**The data:**
+++
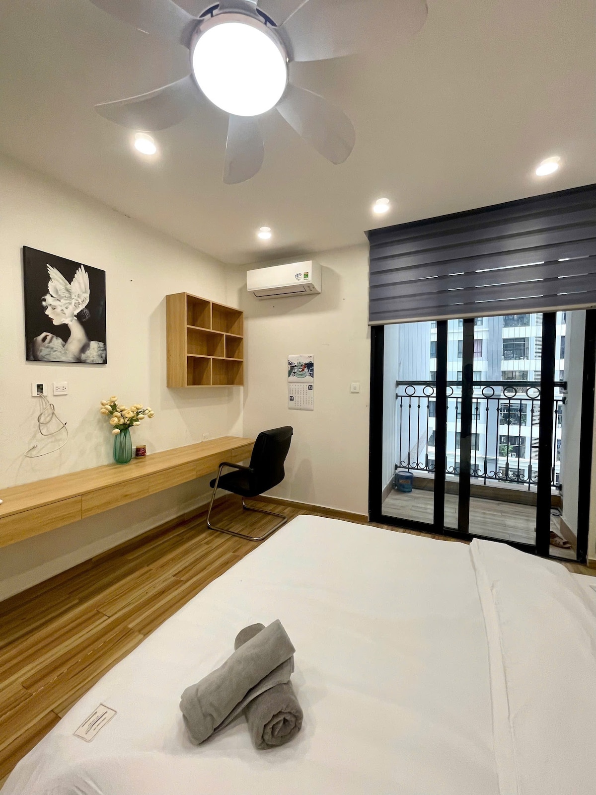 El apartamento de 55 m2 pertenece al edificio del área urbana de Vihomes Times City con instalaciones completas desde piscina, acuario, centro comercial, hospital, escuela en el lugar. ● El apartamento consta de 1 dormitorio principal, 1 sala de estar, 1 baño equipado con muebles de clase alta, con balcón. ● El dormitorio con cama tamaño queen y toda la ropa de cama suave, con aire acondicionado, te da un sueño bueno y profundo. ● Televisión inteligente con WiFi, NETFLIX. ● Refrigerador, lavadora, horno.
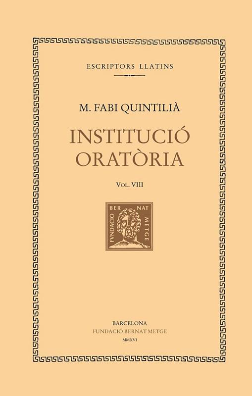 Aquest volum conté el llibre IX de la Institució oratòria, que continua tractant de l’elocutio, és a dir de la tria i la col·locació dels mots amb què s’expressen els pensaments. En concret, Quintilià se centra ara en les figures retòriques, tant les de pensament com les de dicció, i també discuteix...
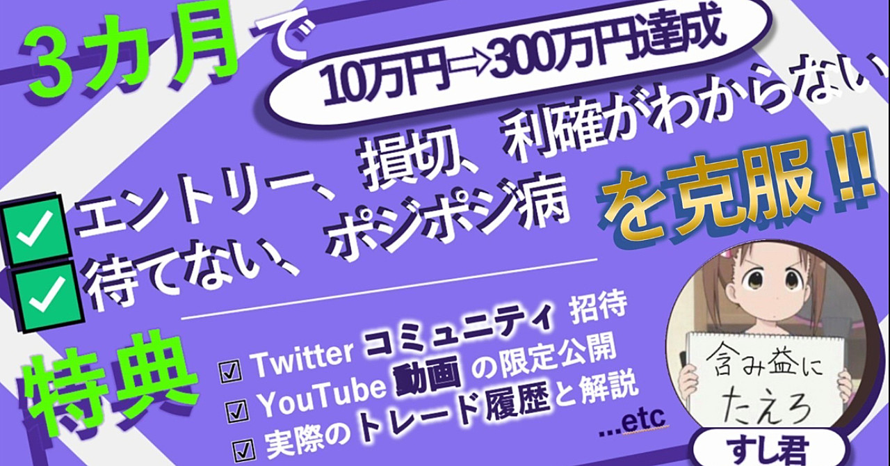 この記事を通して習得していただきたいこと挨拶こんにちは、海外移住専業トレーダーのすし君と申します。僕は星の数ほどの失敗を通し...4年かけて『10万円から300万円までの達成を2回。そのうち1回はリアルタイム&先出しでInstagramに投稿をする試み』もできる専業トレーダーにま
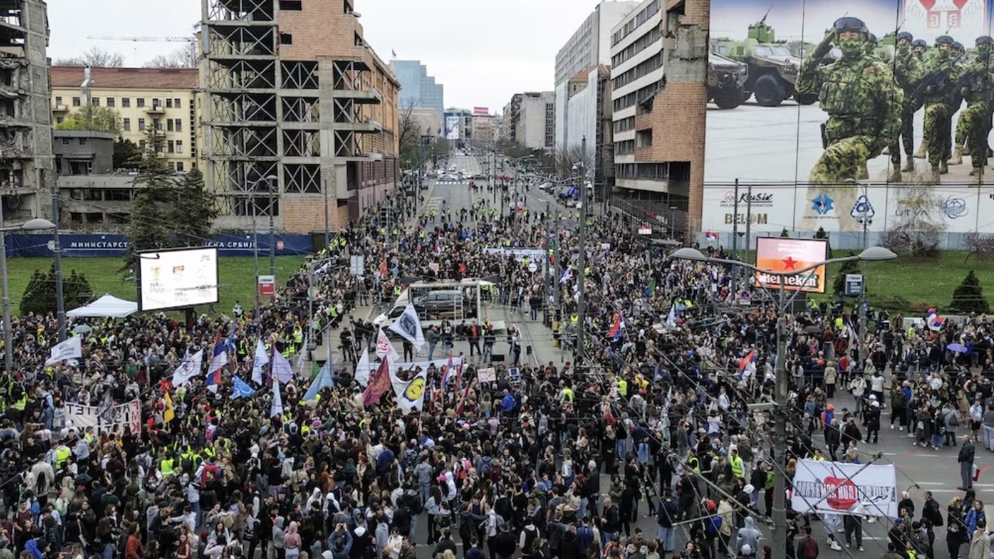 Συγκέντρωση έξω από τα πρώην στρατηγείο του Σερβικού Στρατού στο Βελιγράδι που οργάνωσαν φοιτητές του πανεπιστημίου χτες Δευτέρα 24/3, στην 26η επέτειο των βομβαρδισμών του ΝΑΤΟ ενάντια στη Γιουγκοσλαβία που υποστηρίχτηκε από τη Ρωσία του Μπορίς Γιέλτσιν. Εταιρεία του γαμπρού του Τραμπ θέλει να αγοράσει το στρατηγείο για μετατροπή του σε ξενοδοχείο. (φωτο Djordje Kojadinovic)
+++
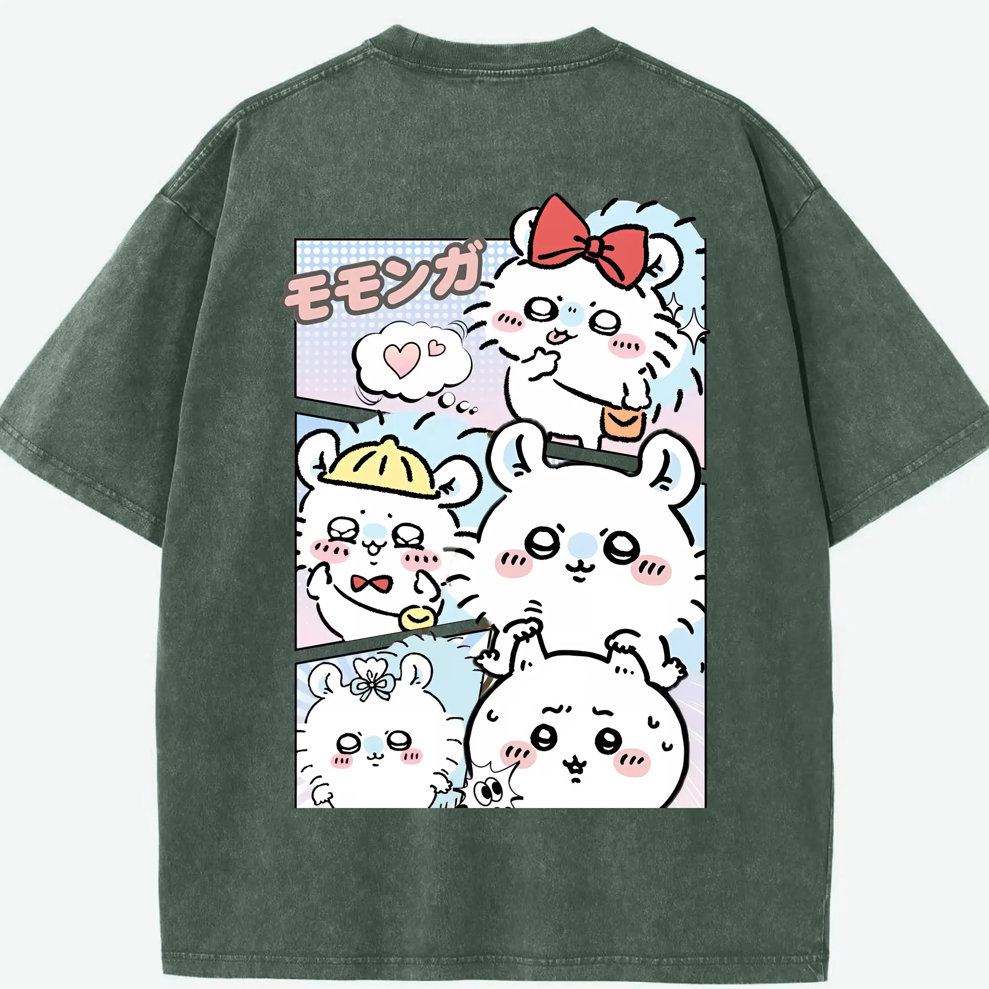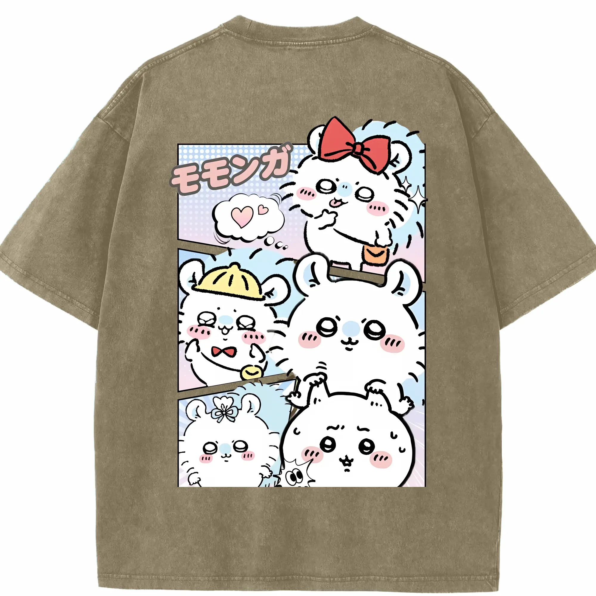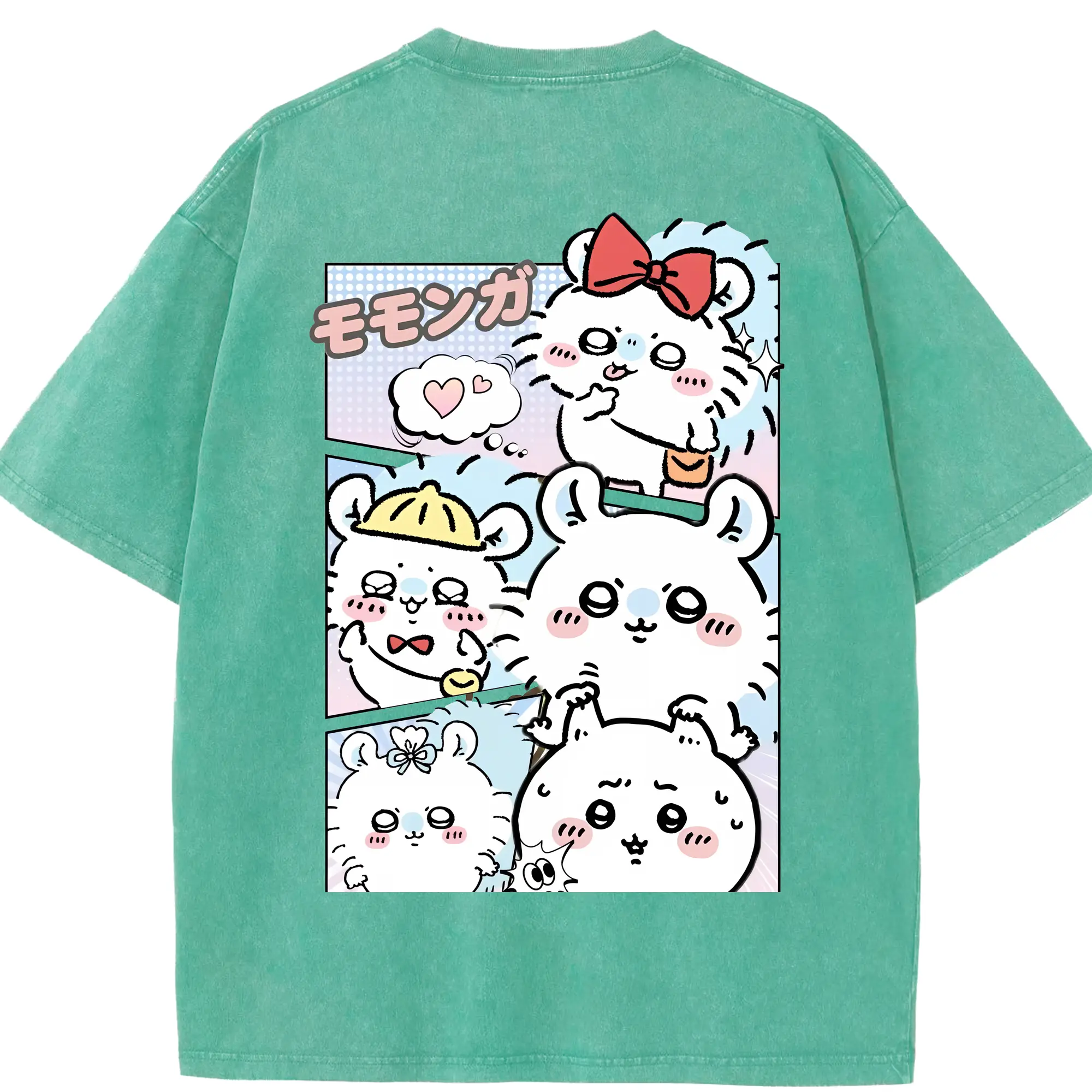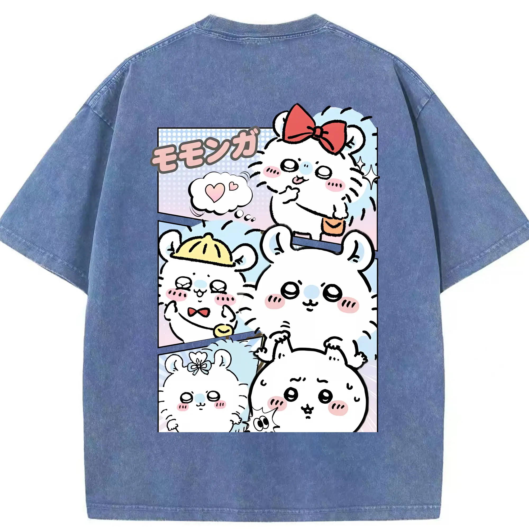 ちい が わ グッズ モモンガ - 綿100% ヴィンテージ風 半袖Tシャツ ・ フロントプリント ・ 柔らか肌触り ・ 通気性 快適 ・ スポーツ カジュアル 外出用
+++
**What is required:**
Copy exactly, without pictures, the lines above from the one with "この記事を通して習得していた" down to the one with "Συγκέντρωση έξω από", inclusive.

**Exercise solution:**
 この記事を通して習得していただきたいこと挨拶こんにちは、海外移住専業トレーダーのすし君と申します。僕は星の数ほどの失敗を通し...4年かけて『10万円から300万円までの達成を2回。そのうち1回はリアルタイム&先出しでInstagramに投稿をする試み』もできる専業トレーダーにま
 Συγκέντρωση έξω από τα πρώην στρατηγείο του Σερβικού Στρατού στο Βελιγράδι που οργάνωσαν φοιτητές του πανεπιστημίου χτες Δευτέρα 24/3, στην 26η επέτειο των βομβαρδισμών του ΝΑΤΟ ενάντια στη Γιουγκοσλαβία που υποστηρίχτηκε από τη Ρωσία του Μπορίς Γιέλτσιν. Εταιρεία του γαμπρού του Τραμπ θέλει να αγοράσει το στρατηγείο για μετατροπή του σε ξενοδοχείο. (φωτο Djordje Kojadinovic)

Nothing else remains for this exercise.